Quelli erano i favolosi anni della margarina e chissà che direbbero oggi i gastrofighetti. Il fatto è che quell’antico concetto di cucina resta, mentre quella dei «cuochi d’artificio» (come ogni moda) si consuma in fretta. Anche Antonino Cannavacciuolo, quando si affaccia da Masterchef ha le penne del pavone del cosiddetto fine dining, ma quando compare in Cucine da incubo (una sorta di pronto soccorso per ristoranti in crisi) si attacca alla semplicità della tradizione e gli spot pubblicitari fioccano non per lo stellato, ma per il cuoco verace.

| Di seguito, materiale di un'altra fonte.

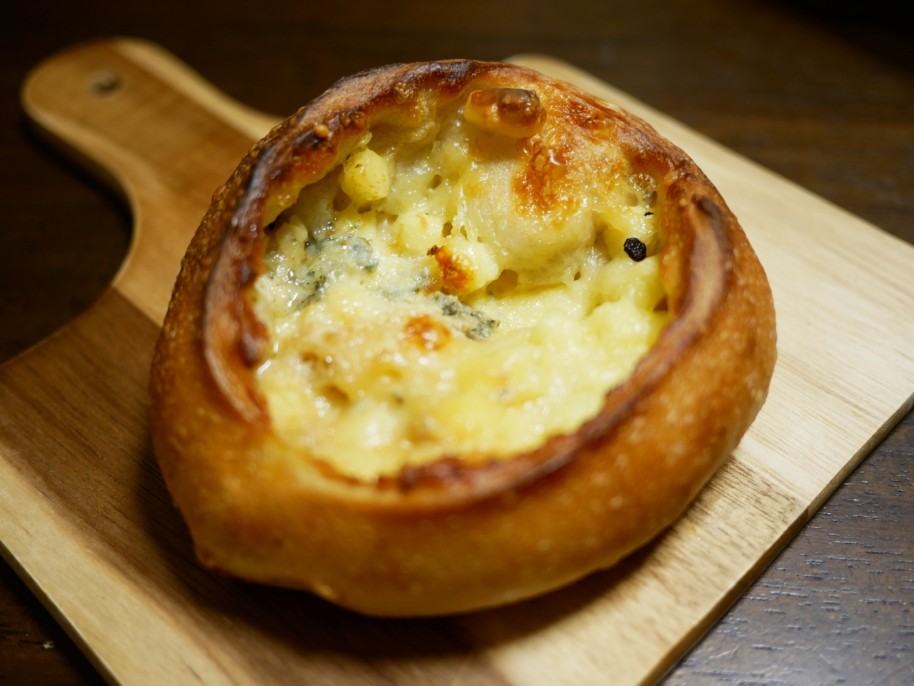 今回初めて購入した「パン・オ・フロマージュ」は、青カビ、モッツァレラ、ゴーダ、プロセスの四種のチーズをライ麦入りの生地で包んだ、大人仕様のチーズパン。多分、ワインに合います。アルコール飲めないから、試してないけど、、、チーズのコクと旨さが際立つパンで、此方も素晴らしく美味しかった。
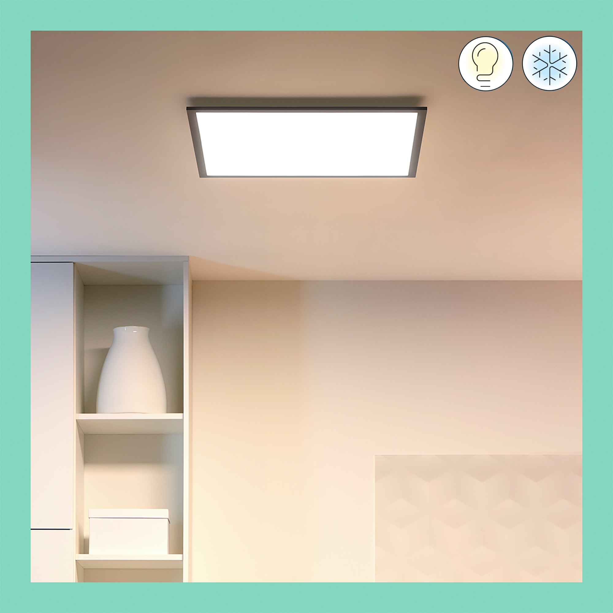 Med WiZ takpaneler med justerbart hvitt lys kan du ta masse dagslys inn i ethvert rom – selv om det ikke har et vindu. Dette smarte, kvadratiske panelet med en svart ramme kan være overlysvinduet rommet ditt mangler. Det slanke designet passer inn i enhver innredning og gir deg alle belysningsmulighetene du kan ønske deg.
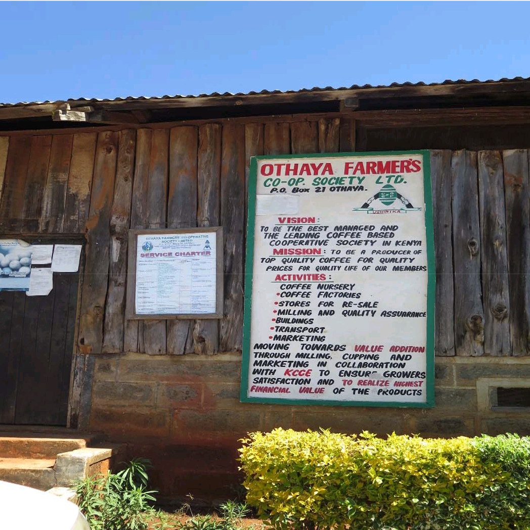 オサヤ農家協同組合は、Nyeri郡のOthayaとその周辺にある19の小さなウェットミルからなる組織です。1956年に250人の農家で登録され、その後15,000人以上の会員を抱えるまでに成長しました。 Kamoko工場はこの組合が所有し管理するウォッシングステーションです。組合員は標高1173mから2300mの間にある近隣の農場でコーヒーを栽培しているメンバーで構成され、その数は1500人程となっています。組合には苗床と農産物直売所があり、会員に投入資材や設備、苗を供給しています。
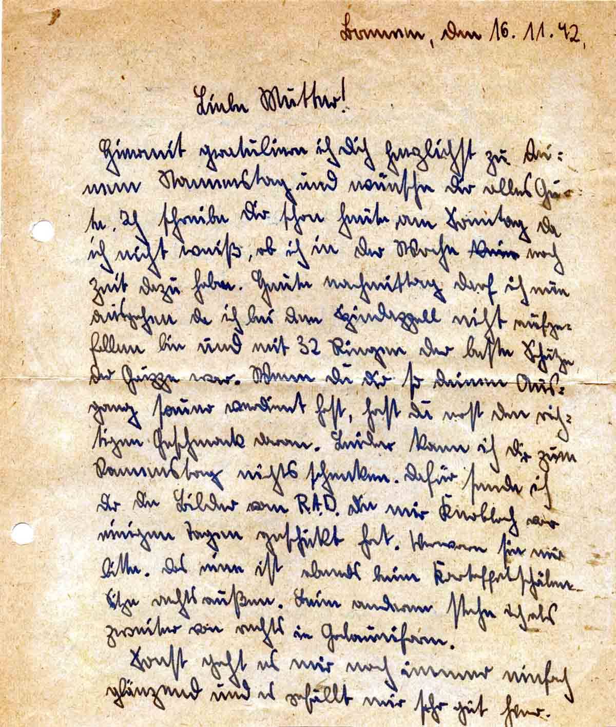 Günther Roos an Mutter Elisabeth, 16. November 1942
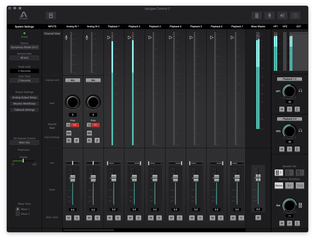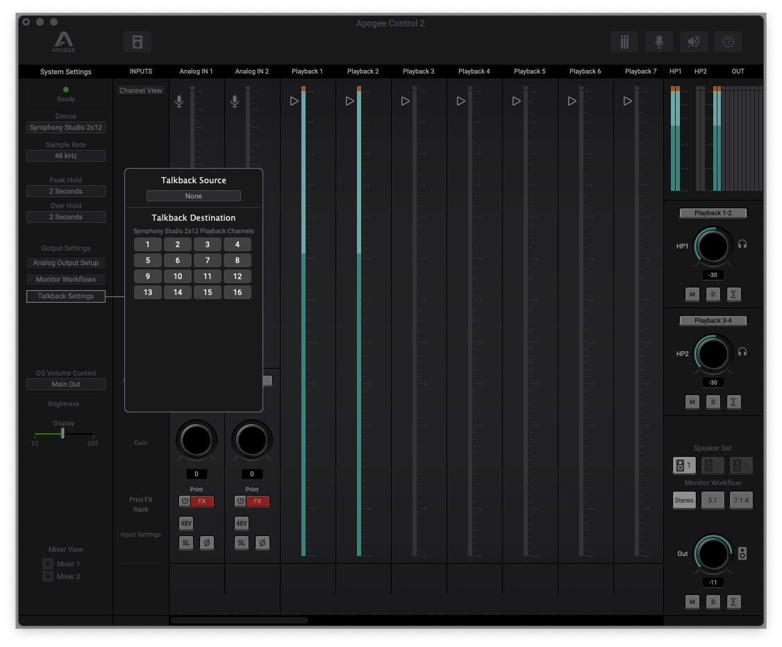 A parte la selezione dell'uscita audio dalle preferenze di MacOS e Windows, Studio Symphony beneficia di un controllo remoto software diviso in sezioni: System Setting, Input Channel, Output Channel e Monitor. La toolbar di Apogee Control 2 permette di resettare il metering, attivare il talkback (l'interfaccia non è dotata di microfono incorporato), mettere in mute tutte le uscite audio e aprire la finestra di Remote Assign.
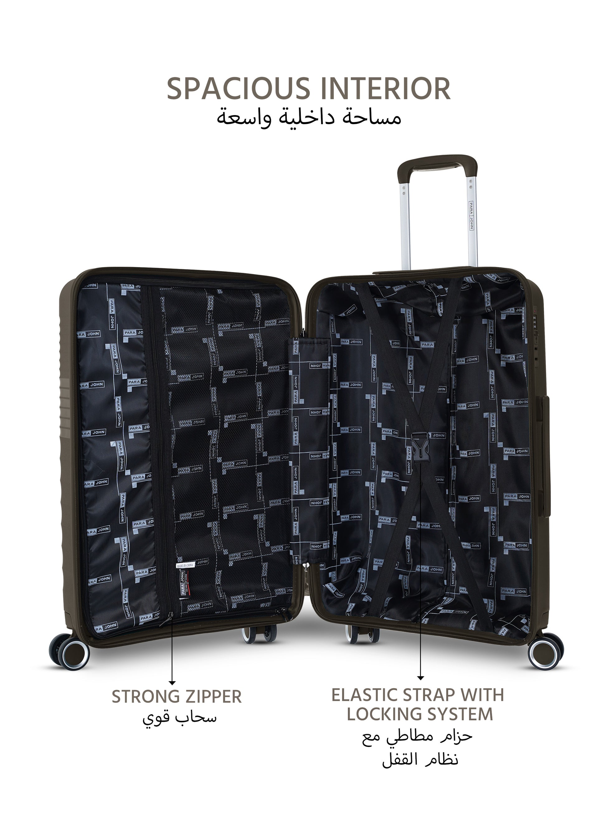 استمتع بالسفر المتميز معسلسلة الجاذبية لجونحقيبة مصنوعة من 100% من مادة البولي بروبيلين، توفر هذه الحقيبة متانة لا تقبل المنافسة ومقاومة للصدمات وسطحًا محكمًا مقاومًا للخدش يظل يبدو جديدًا. تنزلق بسهولة مع عجلات دوارة هادئة تتميز بـ TPE ناعمة وكرات تشحيم للدوران السلس 360 درجة. مقبض تلسكوبي خفيف الوزن من الألومنيوم ومقبض جانبي مريح يجعل الرفع والمناورة أمرًا سهلاً. بالداخل، يضمن الجزء الداخلي المصنوع من البوليستر 210D مع جيب شبكي وقسم بسحاب وحزام متقاطع تعبئة فعالة. تم تصنيع هذه الحقيبة بفخر بواسطة PARA JOHN، وهي شركة حاصلة على شهادة ISO 9001:2015 وSGS، وتجمع هذه الحقيبة بين الجودة الممتازة والموثوقية. بالإضافة إلى ذلك، مع ضمان لمدة عامين، يمكنك السفر براحة بال تامة.

Lo dicono anche i numeri. Gli stellati hanno avuto i costi aumentati del 43 per cento e ormai hanno clientela ristretta: difficile cenare con meno di 200 euro a testa. A leggere quello che dice la Fipe (Federazione dei pubblici esercizi) si scopre che il fatturato complessivo della ristorazione è aumentato (va verso gli 85 miliardi a livelli pre-pandemia, ndr), ma la gente tenta di spendere meno: si va solo a cena e all’aperitivo lungo, lo scontrino medio si abbassa. Lo smart working ha riproposto il pranzo a casa a mezzogiorno, la crisi ha ridato fiato alla mitica schiscetta (il pasto da portarsi in ufficio) e non è un caso che la Fipe segnali una perdita secca di diecimila esercizi e stimi una profonda caduta di fatturati per bar e tavole calde.
C’è bisogno di riacculturarsi alla cucina di tradizione. Questo decreta il successo del modello Benedetta Rossi e Giorgione, di cui sono interpreti anche Luisanna Messeri (la più artusiana delle cuoche italiane), Natalia Cattelani (nostra signora delle torte), Fabrizia Ventura (la cuoca-archeologa che ha appena pubblicato Gustum Garum, ricette che riutilizzano la mitica salsa di pesce dei romani), e di cui diventano ambasciatrici le tante cuoche itineranti che vanno di casa in casa a cucinare.
Ci sono poi i cuochi che cercano di declinare questa esigenza di autentica semplicità nel loro locale. Uno dei più popolari è sicuramente Sergio Barzetti che ha fatto a Malnate (Varese), con «Cucina Barzetti», un’operazione di recupero della tradizione lombarda e del risotto in particolare (lo propone anche alla Stazione centrale di Milano come street food), o Peppe Guida (Antica Osteria Nonna Rosa di Vico Equense), che ha fatto evolvere la rosticceria di famiglia e oggi è con Giorgione interprete di questa cucina, più che à la carte, al cartoccio.
Con buona pace dei gastrofighetti che non la capiscono perché, come diceva Jean Anthelm Brillat-Savarin (Fisiologia del gusto, la Bibbia della cultura gastronomica), la qualità più indispensabile di un cuoco è l’exactitude (un misto tra attitudine e precisione), ma dovrebbe essere anche quella di chi mangia. Sovente i leoni da tastiera si nutrono solo del loro narcisismo.